Strategic Management & Decision Making: A Comprehensive Guide

Strategic Management and Decision Making

Operational Planning

Define precise time frames for completing each operational goal required for the organization’s tactical and strategic goals. Operational planning must be coordinated with the budget to allocate resources effectively.

Types of Plans

Single-use plans are developed for goals unlikely to be repeated. Standing plans provide guidance for recurring tasks or situations.

Contingency Planning and Scenario Building

In uncertain environments or with long time horizons, inflexible plans can hinder performance. Managers can develop multiple future alternatives for more adaptive plans. An extension of contingency planning is scenario building.

Strategic Management

Strategic management involves decisions and actions to formulate and execute strategies for a superior fit between the organization and its environment, achieving organizational goals.

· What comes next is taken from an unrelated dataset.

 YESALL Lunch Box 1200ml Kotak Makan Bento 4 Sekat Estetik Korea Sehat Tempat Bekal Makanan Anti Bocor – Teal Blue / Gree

Defining Strategy and Competitive Advantage

The first step is defining a strategy: the plan of action for resource allocation and activities to deal with the environment, achieve a competitive advantage, and attain goals. Competitive advantage sets the organization apart and provides a distinctive edge for meeting customer needs. Choosing how the organization will be different is key.

Key Strategic Considerations

  • Target customers: An effective strategy defines the target customers and their needs.
  • Core competence: Something the organization does exceptionally well compared to competitors, providing a competitive advantage through unique expertise.
  • Synergy: When organizational parts interact to produce a joint effect greater than the sum of their individual parts.

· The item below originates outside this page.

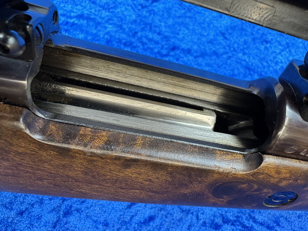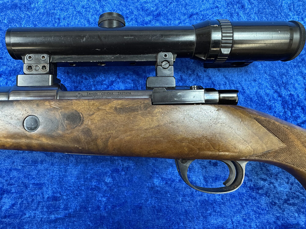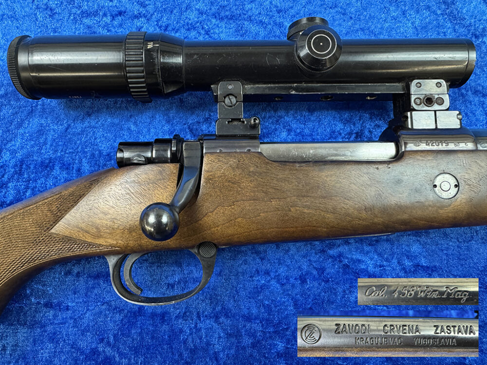 leistungsstarke Repetierbüchse, die auf dem bewährten Mauser-98-System basiert. Sie wurde von Zastava Arms in Serbien produziert und ist für die Großwildjagd konzipiert. Basierend auf dem legendären Mauser 98-System mit kontrollierter Patronenzuführung, was eine hohe Zuverlässigkeit garantiert. Durch den robusten Kastenmagazinverschluss mit massiver Zwei-Warzen-Verriegelung ist das System für diese Patrone ausgelegt. Die Waffe hat einen Luxus-Holz-Jagdschaft mit Pistolengriff und deutscher Backe. Zusätzlich ist der Lauf über eine Querstollenverschraubung mit dem Schaft verbunden. Das Drückjagd-Glas, Schmidt & Bender 1,25 - 4 x 20 Absehen 1, ist mit einer EAW Schwenkmontage befestigt. Dadurch kann es sehr schnell abgenommen werden und über die Drückjagdvisierung gezielt werden. Die Waffe wurde in Jugoslawien beschossen.

Strategy Formulation vs. Strategy Execution

Strategy formulation involves planning and decision-making to establish goals and develop a strategic plan, including assessing the external and internal environments. Strategy execution uses managerial and organizational tools to direct resources toward achieving strategic results.

SWOT Analysis

Strengths are positive internal characteristics to exploit for achieving goals. Weaknesses are internal characteristics that might hinder performance.

The BCG Matrix

This matrix categorizes businesses based on market share and industry growth:

  • Star: Large market share in a rapidly growing industry, with high growth potential.
  • Cash Cow: Dominant business in a mature, slow-growth industry, generating positive cash flow.
  • Question Mark: Small market share in a rapidly growing industry, with potential but also risk.
  • Dog: Poor performer with a small share of a slow-growth market.

Decision Making

Decision making is identifying and resolving problems and opportunities. It involves effort before and after the actual choice.

Types of Decisions

Programmed decisions address frequently occurring situations with established decision rules. Nonprogrammed decisions address unique, poorly defined, unstructured situations with significant consequences.